Little One Lost
Little One Lost

Little One Lost: Living with Early Infant Loss, Glenda Mathes, Grandville: Reformed Fellowship Inc., 2012.  Softcover, 139 pages, $10.00.

I’ve encountered it many times as a pastor.  I’ve also experienced it personally together with my wife.  Miscarriage or “early infant loss” is a common enough phenomenon.  Though it is so common, we are hardly adept at dealing with it in a Christian way.  People don’t know what to say, they don’t how to act, and they don’t how to give comfort.  So, more often than not, people say nothing, pretend as if it didn’t happen, or undermine it.  Those who’ve experienced it may themselves be reluctant to tell others – many times a couple who have lost a baby early on won’t feel free to tell their pastor or elder either.  This book has a huge potential to change the way we view early infant loss and the way we deal with it in our Reformed churches and families.

Readers of Christian Renewal will be familiar with the author since her writing regularly appears there.  She’s a member of a United Reformed congregation in Iowa.  Little One Lost grew out of an article written for Christian Renewal some years ago.  Mathes was contacted by women who had experienced this kind of grief and their encouragement led her to write something more substantial.  In the book she draws on the experiences of others, and also that of her and her husband.

Little One Lost is written from the heart and it shows.  She writes at the end of how this book was difficult to write.  I believe it.  But just as the best sermons are those preached from the heart, so also the best and most powerful books are written by authors who care passionately about what they’re writing.

Mathes covers every aspect of this subject and does so with sensitivity.  This book is not only about miscarriage, but also about still births and sudden infant deaths.  She notes how early infant loss affects not only mothers, but also fathers, siblings, and grandparents.  She draws our attention to how abuse or abortion can complicate the grieving process.  There’s a helpful and compassionate discussion about funeral planning in these instances.  I also appreciated the way in which she identifies infertility also as a loss.  Towards the end of the book, Mathes includes a section on things that are and are not helpful to say to grieving parents (including the infamously uncompassionate “Get over it!”).

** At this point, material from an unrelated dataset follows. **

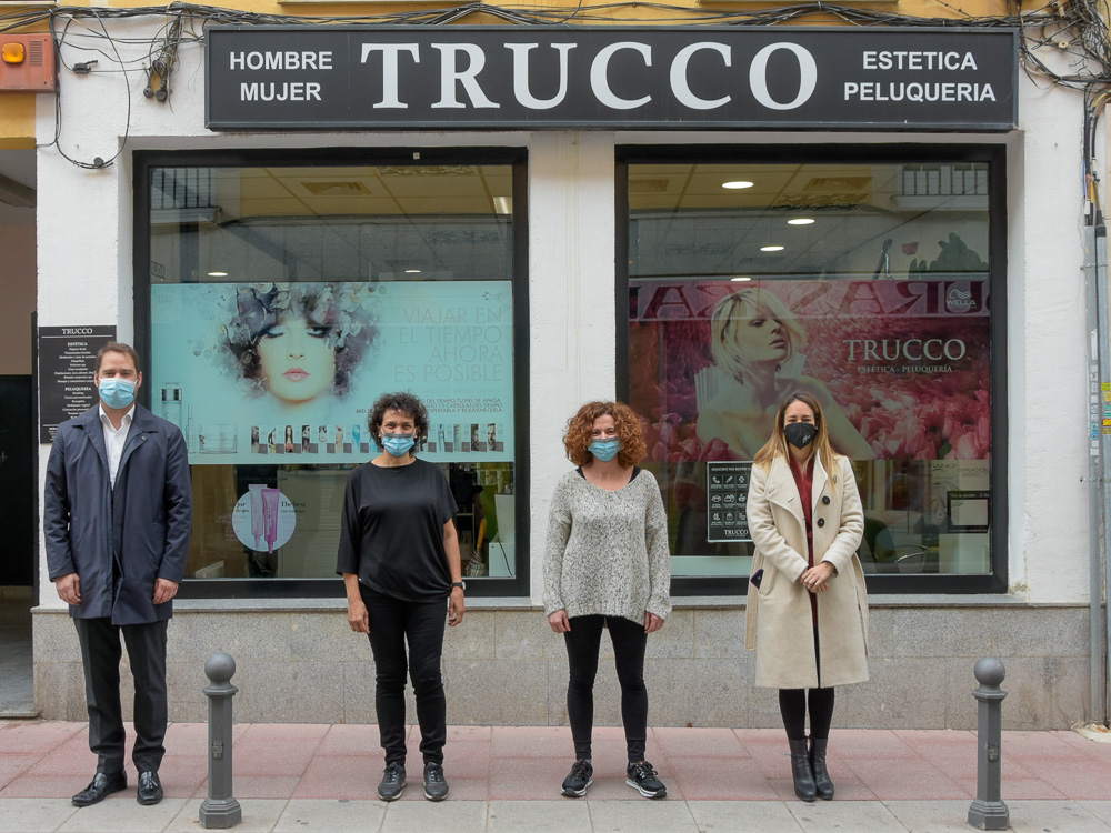 “TRUCCO” es un centro de peluquería y estética que presta servicio desde 1995 en Torrejón de Ardoz. El alcalde, Ignacio Vázquez, y la concejala de Empleo y Contratación, Ainhoa García, visitaron el pasado 2 de marzo junto a sus propietarias, Elena García y Pilar Juan, sus instalaciones situadas en el número 10 de la calle San Isidro que han creado cuatro puestos de trabajo en la localidad. En este sentido, la visita se enmarca dentro del decidido apoyo que el Gobierno local tiene con las diferentes empresas ubicadas en el término municipal de Torrejón con el objetivo de fomentar riqueza y puestos de trabajo en la ciudad, ya que son ellas las que generan y mantienen la mayoría de los empleos.

This is a very practical book.  Moreover, the author offers her practical advice and wisdom based on the teaching of Scripture and its summary in the Reformed confessions.  She has excellent chapters on biblical, covenantal, and confessional comfort.  There was only one concern that I noted.  Chapter 8 deals with the grief of fathers.  Mathes writes, “God the Father gave up his one and only Son.  He knows the pain that fathers as well as mothers feel in loss” (49).  While I’m sure that author does not subscribe to the heresy of patripassionism, these words could be misunderstood as pointing in that direction.

Little One Lost is the best book I’ve read this year – no exaggeration.  It’s highly recommended for pastors, elders, and anyone who wants to help those grieving the loss of a baby.  Those who are working their way through such a loss will also benefit.  It can sometimes be hard to work through a book of this nature, which is why I think grieving parents will really appreciate the short chapters – each one is only three or four pages.  You can work through it slowly if you have to.  This book needed to be written and I commend Glenda Mathes for writing it and Reformed Fellowship for publishing it.  I plan to keep several copies on hand.